In the example below we will only consider models with one parameter,
but the M-H algorithm can be used on models with a large number of
parameters.

The M-H algorithm works in a very simple way. At every step of the 
algorithm a new movement is proposed using a *proposal distribution*.
This movement is accepted with a known probability, which implies that
the movement can be rejected so that the algorithm stays at the same
state in the current iteration.

Hence, in order to code the M-H algorithm for a set of parameters
$\theta$ we need to define:

* A function to draw observations from the proposal distribution, given
its current state.
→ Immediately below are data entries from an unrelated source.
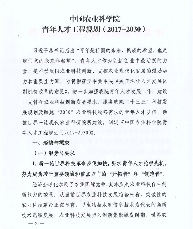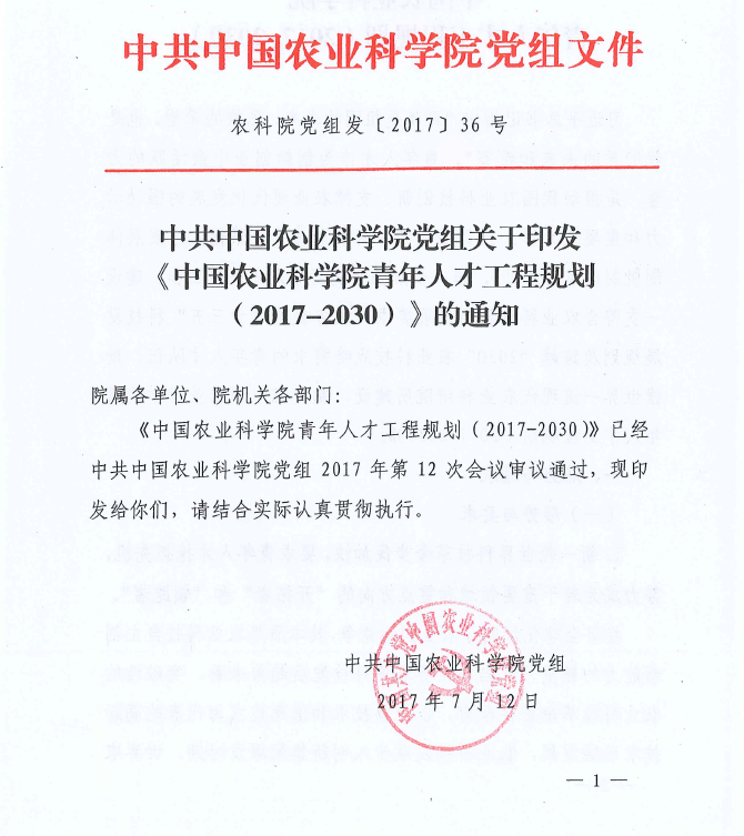 中共中國(guó)農(nóng)業(yè)科學(xué)院黨組關(guān)于印發(fā)《中國(guó)農(nóng)業(yè)科學(xué)院青年人才工程規(guī)劃(2017-2030)》的通知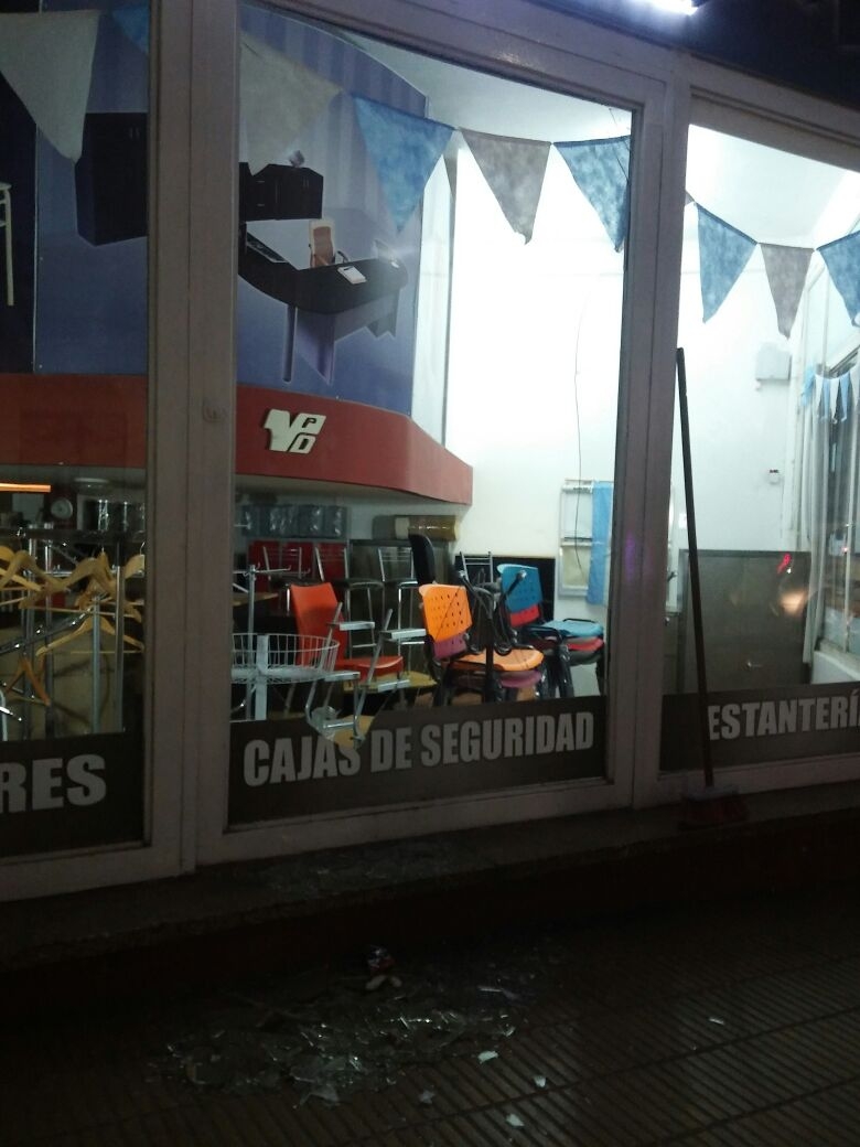 Como lo muestra la imagen, alcanzaron a romper vidrios del local de venta de insumos de oficina ubicada en calle Sarmiento. Intentaron hacer lo en un mismo en un local de viajes y turismo pero no pudieron.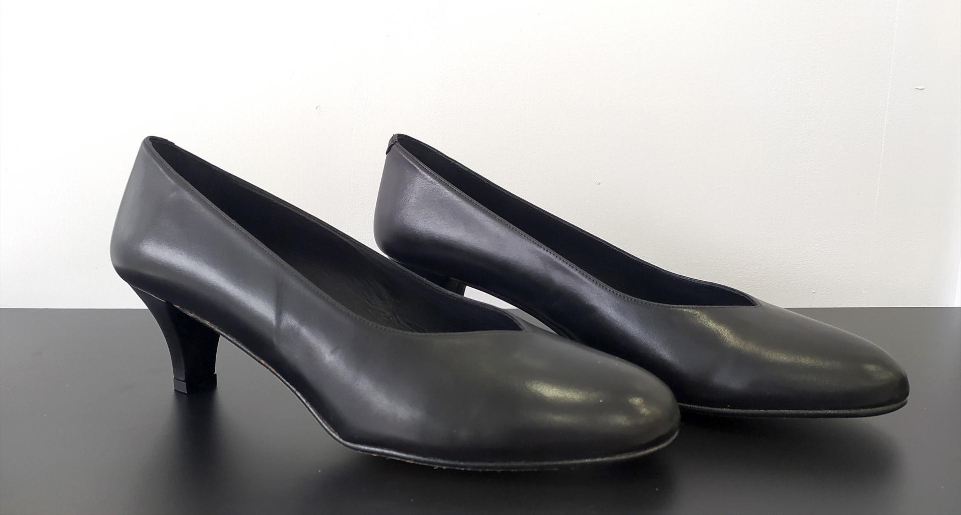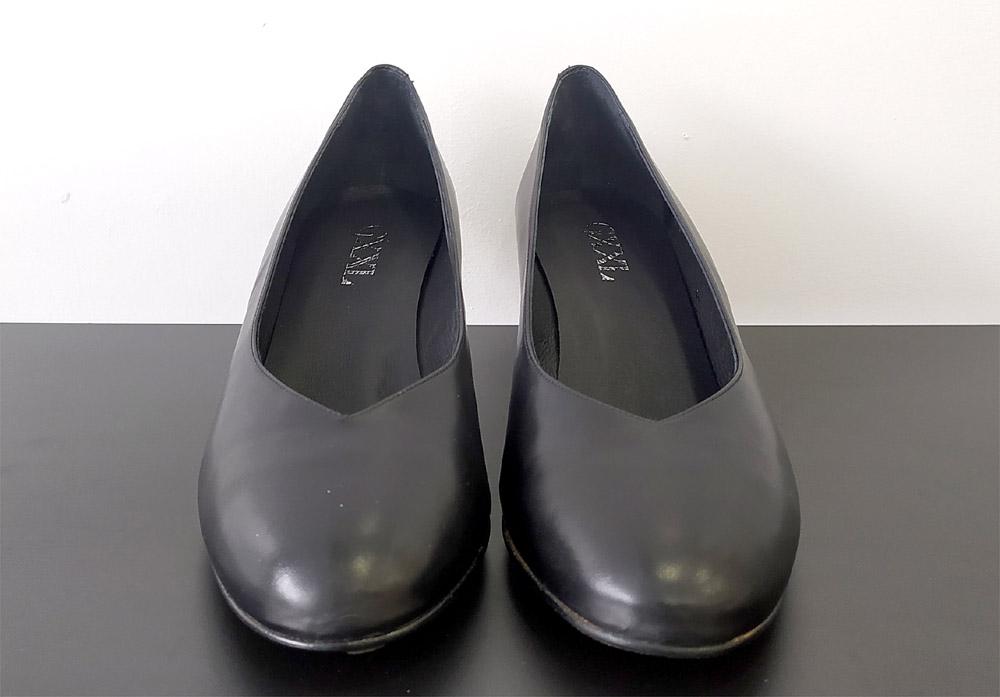 Salón negro básico de 4 cm de alto en tacón fino, también disponible en grueso. Solo tallas del 41 al 46. En piel muy suave, con plantilla interior y suelas gruesas en goma. Pala alta con terminación en pico para que se adapte a varios anchos de pie. Medidas exactas de largo, dan talla:

This will be denoted by $q(\cdot\mid\cdot)$, so that
the density of a new proposal $\theta^*$ given a current state 
$\theta^{(m)}$ is given by $q(\theta^*\mid\theta^{(m)})$.

From the Bayesian model, we already know:

* A prior distribution on the parameters of interest, i.e.,
$\pi(\theta)$.

* The likelihood of the parameter $\theta$ given the observed data
$\mathbf{y}$, i.e., $L(\theta\mid\mathbf{y})$.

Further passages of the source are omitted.